** Collected material follows **

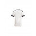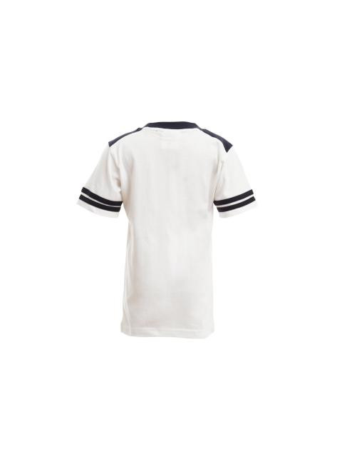 White single jersey knit t-shirt, print on front, crew neck, short sleeves with white navy blue taping, navy blue panel at shoulder, navy blue rib knit binding at neck
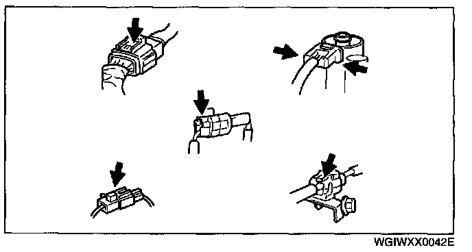 - Inspect the terminals of waterproof connectors from the connector side since they cannot be accessed from the wiring harness side.
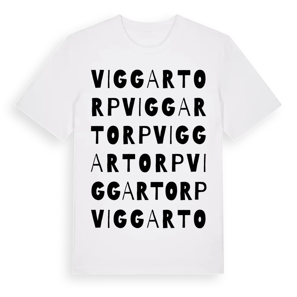 Viggartorp ordlek t-shirt är inspirerad av Viggartorp i Södermanlands län, Sverige. Tröjan är designad för dig som har en speciell koppling till platsen – oavsett om du bor här, har rötterna här eller bara älskar Viggartorp.
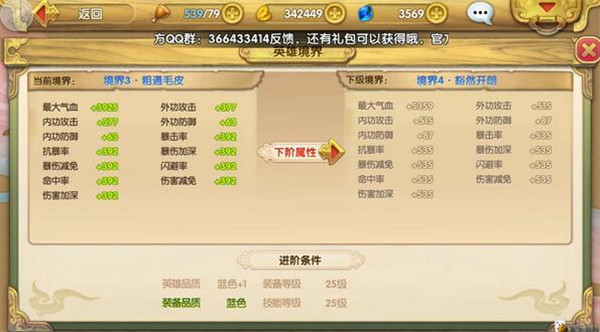 英雄升阶后,品质会得到提升,此时心法栏里的所有经书都会消失,其属性加成会直接整合到人物自身属性中,同时心法栏会自动切换到下一阶段。

** End of Collected material **

* _Activity_:
Leave the pictures out and transcribe the remaining material exactly.

* _Exercise output_:
 White single jersey knit t-shirt, print on front, crew neck, short sleeves with white navy blue taping, navy blue panel at shoulder, navy blue rib knit binding at neck
 - Inspect the terminals of waterproof connectors from the connector side since they cannot be accessed from the wiring harness side.
 Viggartorp ordlek t-shirt är inspirerad av Viggartorp i Södermanlands län, Sverige. Tröjan är designad för dig som har en speciell koppling till platsen – oavsett om du bor här, har rötterna här eller bara älskar Viggartorp.
 英雄升阶后,品质会得到提升,此时心法栏里的所有经书都会消失,其属性加成会直接整合到人物自身属性中,同时心法栏会自动切换到下一阶段。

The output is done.